Recent advances in technology, and in artificial intelligence (AI) specifically, have opened new challenges and possibilities in relation to health literacy.15 The AI is a field of computer science that focuses on creating systems capable of performing tasks that typically require human intelligence.16 These tasks include learning from data, reasoning, problem solving, understanding natural language, recognizing patterns, and making decisions. Artificial intelligence can be categorized into various subfields, such as machine learning (ML; which enables systems to learn from data without explicit programming), natural language processing (which allows machines to understand and generate human language), and computer vision (which enables machines to interpret visual information).16,17 The study of AI and health literacy is evolving, with a small but growing number of studies exploring how AI can support access to, understanding of, and engagement with health information across diverse populations.18, 19, 20 For example, AI has been used in health literacy through chatbots built on large language models to provide educational support and enhance understanding of medical topics like vaccination21 and to automatically identify and curate understandable and medically relevant health information, such as YouTube videos on COVID-19.22 It has also been used to assess and alter the readability of online health resources.23 It is important to note that although AI offers potential for improving health literacy, according to Nutbeam,15 this potential has not yet been extensively evaluated or actualized. In addition, at this stage, concerns exist regarding the accuracy, completeness, bias, and potential for misinformation and disinformation.7,18,24 Hence, it is often recommended that AI interventions be complemented with human supervision and oversight to ensure the delivery of accurate and reliable information25,26; yet, it is somewhat unclear whether and how this is done in practice across the field.

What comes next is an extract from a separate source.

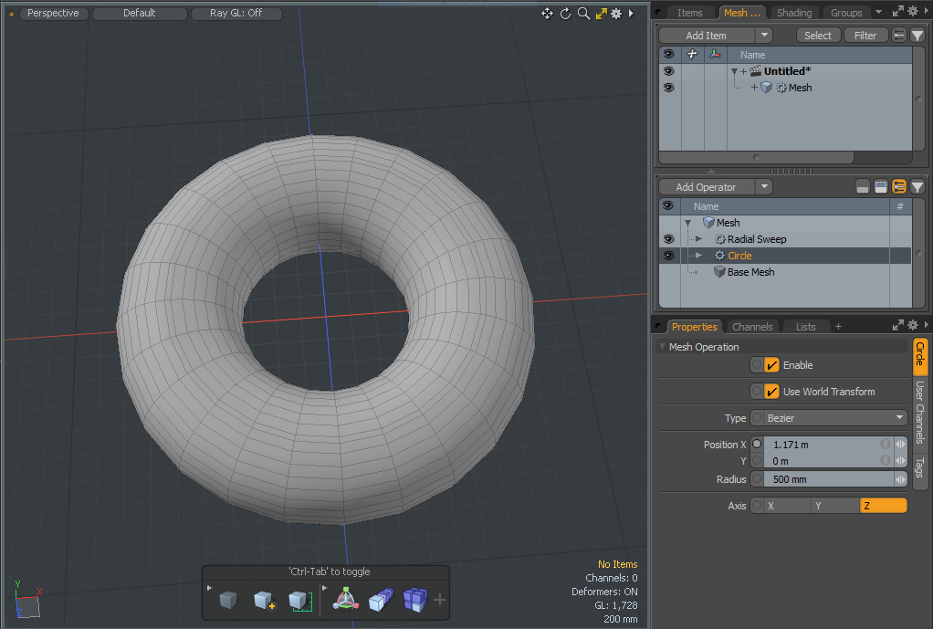 放射状スイープツールは、手続き型メッシュ操作としても使用できます。あなたはツールを見つけることができますMesh Opsタブ。の中にModelレイアウトでは、タブはインターフェースの右側の横にありますItem List

Given the lack of conceptual clarity across both AI and health literacy, the fragmented research across disciplines, and the limited evidence supporting this emerging application at the intersection of AI and health literacy, there is a need for a systematic review of existing studies in this area. Findings of such a review would help understand the state of the science and inform a more systematic approach to progressing research in this field. Specifically, this review aims to answer the following research questions (RQ):
-
1.
In studies that have incorporated the use of AI, how has health literacy been defined and what health literacy measurement tools have been used, with consideration of health literacy as both an individual and organizational concept?
-
2.
What AI techniques have been used in the field of health literacy and how have they been used?
-
3.
Within these studies, what metrics have been used to evaluate the AI techniques?
Methods
A systematic review of which ML approaches have been applied in studies related to health literacy in the last decade was conducted in accordance with the Preferred Reporting Items for Systematic Reviews and Meta-Analyses (PRISMA) 2020 guidelines27 to ensure the transparent and high-quality reporting of reviews (Supplemental Table 1, available online at https://www.mcpdigitalhealth.org/). The protocol for this review was registered with PROSPERO (CRD42024544276).
Eligibility Criteria
We included studies that related to the exploration of health literacy and/or the enhancement or improvement in health literacy (this could be direct or indirect). We considered studies identified by the search if they reported on ML-related techniques, for example (but not limited to), neural networks, natural language processing, and logistic regression in relation to health literacy. Studies were excluded if they were published in a non-English language; if they were editorials, systematic reviews, commentaries, and duplicate publications; or if full-text articles were not available.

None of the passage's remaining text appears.